I'm also sorry I didn't get to all the comments this week.  As discussed, the week got really crazy at the end, I just couldn't keep up with everything, and I have made a more or less conscious decision that when I have 20 things to get to on my to-do list but time for only 19, anything related to blogging is going to be a very strong candidate to fall off the list.  But, I did feel like there was some good commenting going on, some of it subtly intertwined.  There was some discussion both on the blog and in some side conversations about whether the whole topic from last week was an exercise in "topping from the bottom."  As I've said, it's a concept I just don't like, which I think has been artificially imported from BDSM world and that is dangerous and downright destructive in many DD relationships where the emphasis should be on frequent and open communication.  Now, I'm not saying it has no application to DD, and I can think of at least one example that has come up here with someone showing a repeated pattern of insisting on DD, telling his wife how it should be done, then undermining her repeatedly when she actually did it.  That IS a problem.  On balance, however, the concept just seems to have more potential for harm than good in most relationships.  But, as I said to a good friend on the blog who feels differently, we can sometimes agree to disagree.

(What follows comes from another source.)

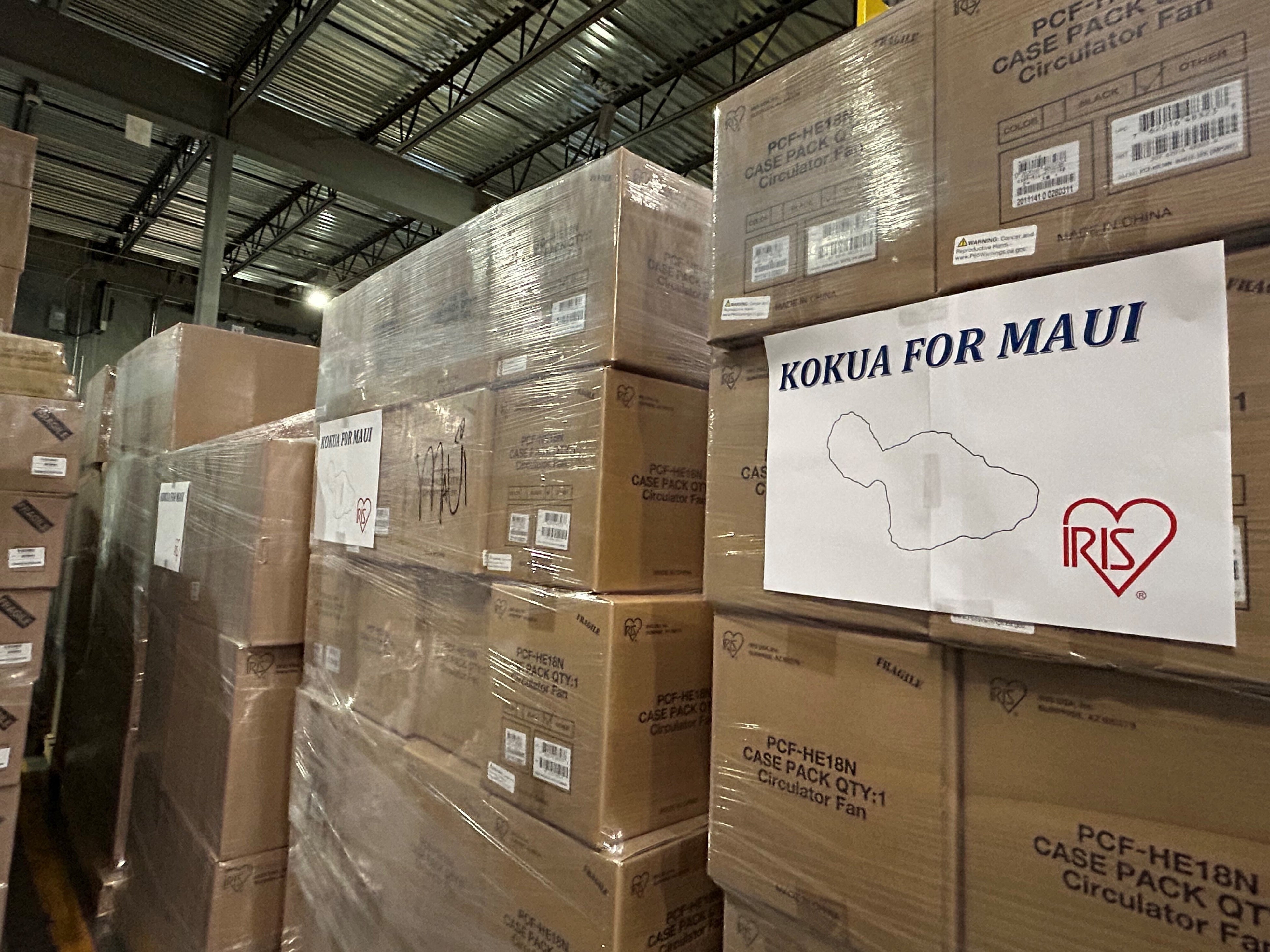 アイリスグループのIRIS USA,Inc.(本社:アメリカ合衆国アリゾナ州サプライズ市、社長:髙橋 博之)は、ハワイ州マウイ島における火災被害により避難を余儀なくされている方々を支援するため、ハワイ州の財団法人(Hawaii Webco Foundation)を通じてマウイ島の救援活動団体(Maui Relief Efforts)に支援金1万ドルを寄付することを決定しました。また、被災地で必要としている米と収納用品、サーキュレーター等の支援物資(※)を加えて、マウイ島内の避難所への配送手配を進めています。

One comment did bring up an interestingly related issue, however.  ZM observed: "I had to be especially careful at first because all this was very new to her, while I had been thinking about it and reading about it for much of my life. Consequently, it was a fine line between giving her pointers so she would learn how to safely and effectively discipline me, but at the same time not making her feel disempowered or micromanaged."  It does seem to be the case that men are just more mentally into DD than their partners, and I do think that once we decide we want this, it seems to become more pervasive for us than for them.  Though, based on some time I've spent hanging out on JGirl's A Shrew Tamed blog, I'm starting to wonder whether it is really a male/female thing, rather than a "bottom" and "top" kind of thing, where for whatever reason the person who wants discipline has a compelling need for it, while the "top" or disciplinarian may see a value in it but doesn't have a "need" for it, at least not in the same way or to the same degree.  If you don't believe that is the dynamic, take a look at these stark results from a recent poll, where I asked (in a follow-up to a poll from a couple of years ago), who initiated the DD relationship, the disciplinary giver or the receiver:

The disciplined spouse (the spankee) initiated the DD aspect of our relationship:        86%
The disciplinary spouse (the spanker) initiated the DD aspect of the relationship
:       13%

Pretty stark difference, right?  Although these polls always have a very limited set of respondents, those results are pretty hard to quibble with, and I think they reflect most of the experiences related here and in other DD-related discussion groups.  It is almost always--not 100% of the time but almost--the disciplined party who initiates, which is even more fascinating when you think about two other aspects of these relationships.  First, and somewhat obviously, getting spanked by someone who is motivated to do it, knows what she is doing, and is using the right tool -- HURTS!  Yet, it is the disciplined party who wants it.  Second, if you read DD-oriented spanking stories, the most common fantasy scenario seems to be the wife getting fed up with bad behavior and imposing the DD relationship on a reluctant husband.  I'm not sure whether I've come across another area in which the gap between the fantasy and the reality is quite so stark.  And, all this plays into the whole "topping from the bottom" thing, because it's clear the "bottoms" are mentally into the whole thing, want it to work well, and think about it so much that they probably do put way more time and energy than their "tops" in figuring out things that might make it work better.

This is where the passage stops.